START The data

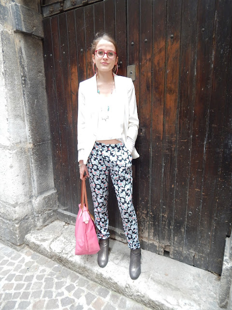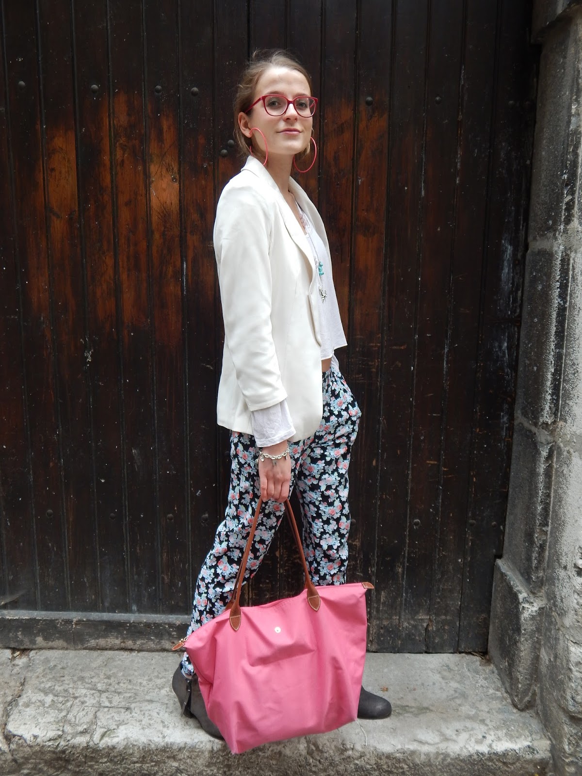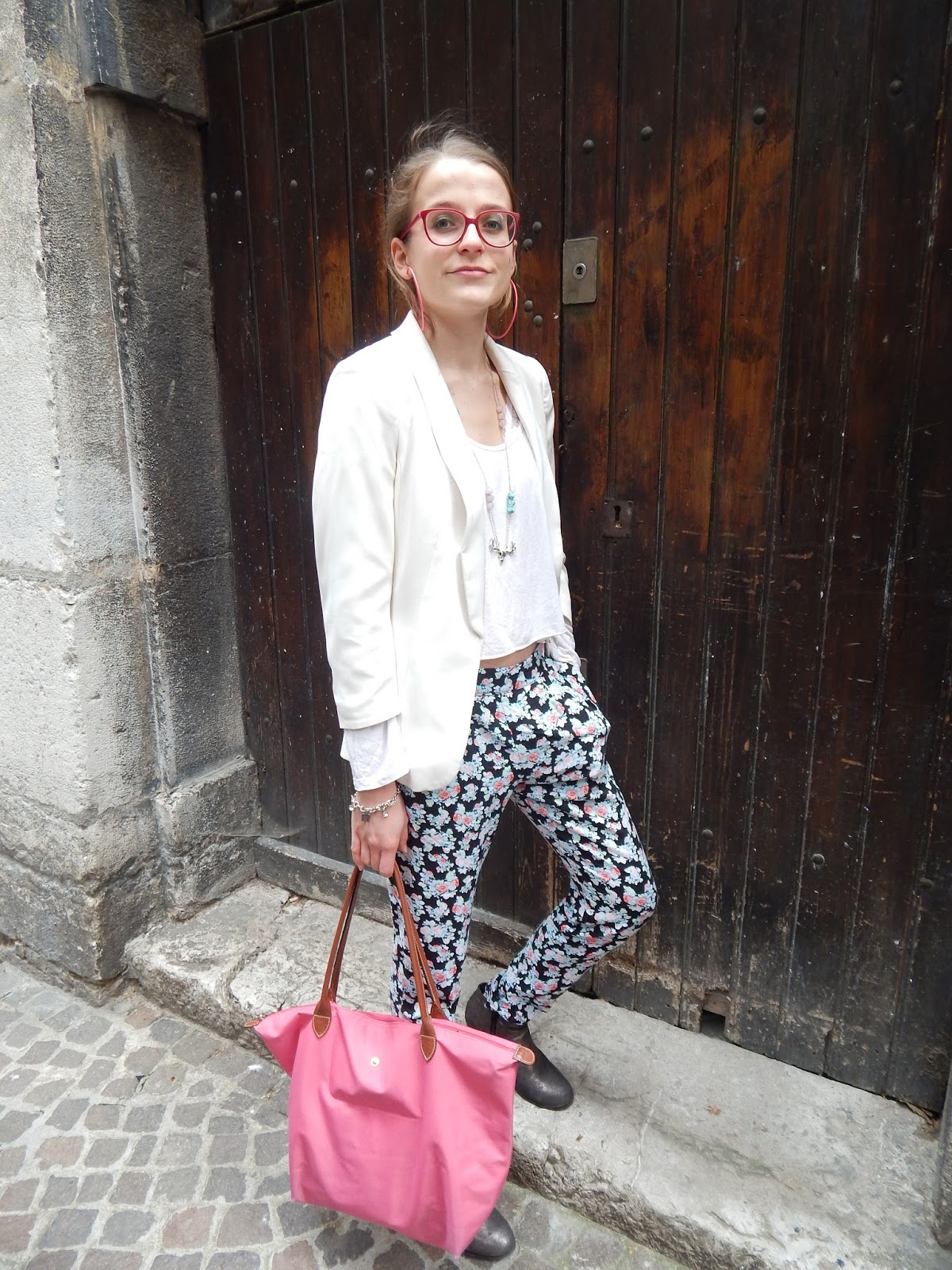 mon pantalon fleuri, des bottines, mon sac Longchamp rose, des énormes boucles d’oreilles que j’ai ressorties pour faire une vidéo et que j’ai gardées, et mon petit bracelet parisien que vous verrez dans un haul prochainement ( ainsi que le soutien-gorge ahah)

END The data
START The data

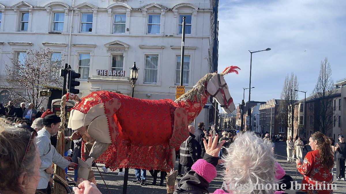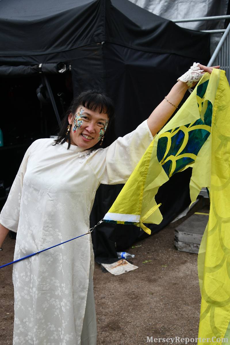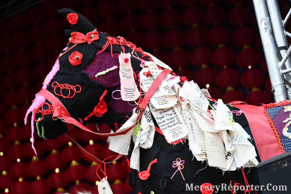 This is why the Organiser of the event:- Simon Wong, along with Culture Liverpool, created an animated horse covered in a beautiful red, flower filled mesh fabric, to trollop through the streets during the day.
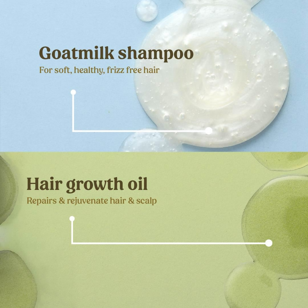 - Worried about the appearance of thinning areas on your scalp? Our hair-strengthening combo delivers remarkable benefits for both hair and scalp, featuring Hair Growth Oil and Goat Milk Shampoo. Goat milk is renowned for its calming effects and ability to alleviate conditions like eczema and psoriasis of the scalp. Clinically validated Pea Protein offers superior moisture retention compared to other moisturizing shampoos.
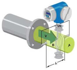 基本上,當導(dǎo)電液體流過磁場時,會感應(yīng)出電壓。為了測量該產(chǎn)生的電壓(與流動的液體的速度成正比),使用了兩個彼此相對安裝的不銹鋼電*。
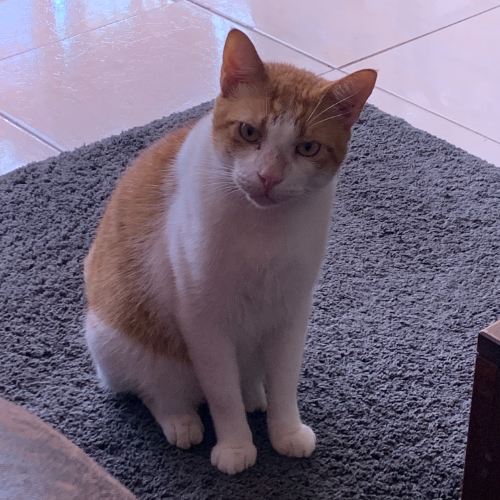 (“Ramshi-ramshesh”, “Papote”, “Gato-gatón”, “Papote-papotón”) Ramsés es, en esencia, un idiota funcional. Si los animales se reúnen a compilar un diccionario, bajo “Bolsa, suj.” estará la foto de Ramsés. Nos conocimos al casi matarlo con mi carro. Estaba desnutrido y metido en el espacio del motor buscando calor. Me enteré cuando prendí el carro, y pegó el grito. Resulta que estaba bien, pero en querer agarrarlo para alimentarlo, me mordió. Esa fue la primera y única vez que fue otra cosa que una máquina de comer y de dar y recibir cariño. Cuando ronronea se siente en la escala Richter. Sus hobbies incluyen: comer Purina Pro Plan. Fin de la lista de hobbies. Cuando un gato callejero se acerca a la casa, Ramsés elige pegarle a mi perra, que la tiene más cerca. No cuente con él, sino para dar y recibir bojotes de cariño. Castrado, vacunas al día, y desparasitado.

END The data
START The data

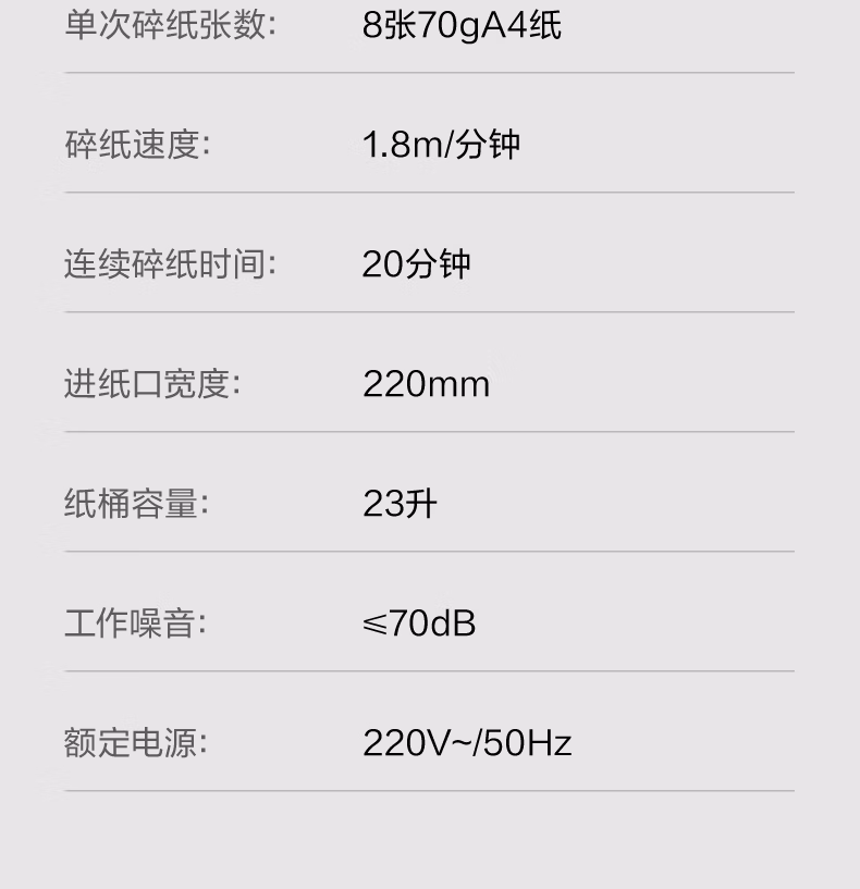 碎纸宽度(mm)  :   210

END The data

Your objective: All that should appear in the answer is the lines above from the line with "This is why" through the line with "基本上,當導(dǎo)電液體", retyped exactly, pictures left out.

Final answer:
 This is why the Organiser of the event:- Simon Wong, along with Culture Liverpool, created an animated horse covered in a beautiful red, flower filled mesh fabric, to trollop through the streets during the day.
 - Worried about the appearance of thinning areas on your scalp? Our hair-strengthening combo delivers remarkable benefits for both hair and scalp, featuring Hair Growth Oil and Goat Milk Shampoo. Goat milk is renowned for its calming effects and ability to alleviate conditions like eczema and psoriasis of the scalp. Clinically validated Pea Protein offers superior moisture retention compared to other moisturizing shampoos.
 基本上,當導(dǎo)電液體流過磁場時,會感應(yīng)出電壓。為了測量該產(chǎn)生的電壓(與流動的液體的速度成正比),使用了兩個彼此相對安裝的不銹鋼電*。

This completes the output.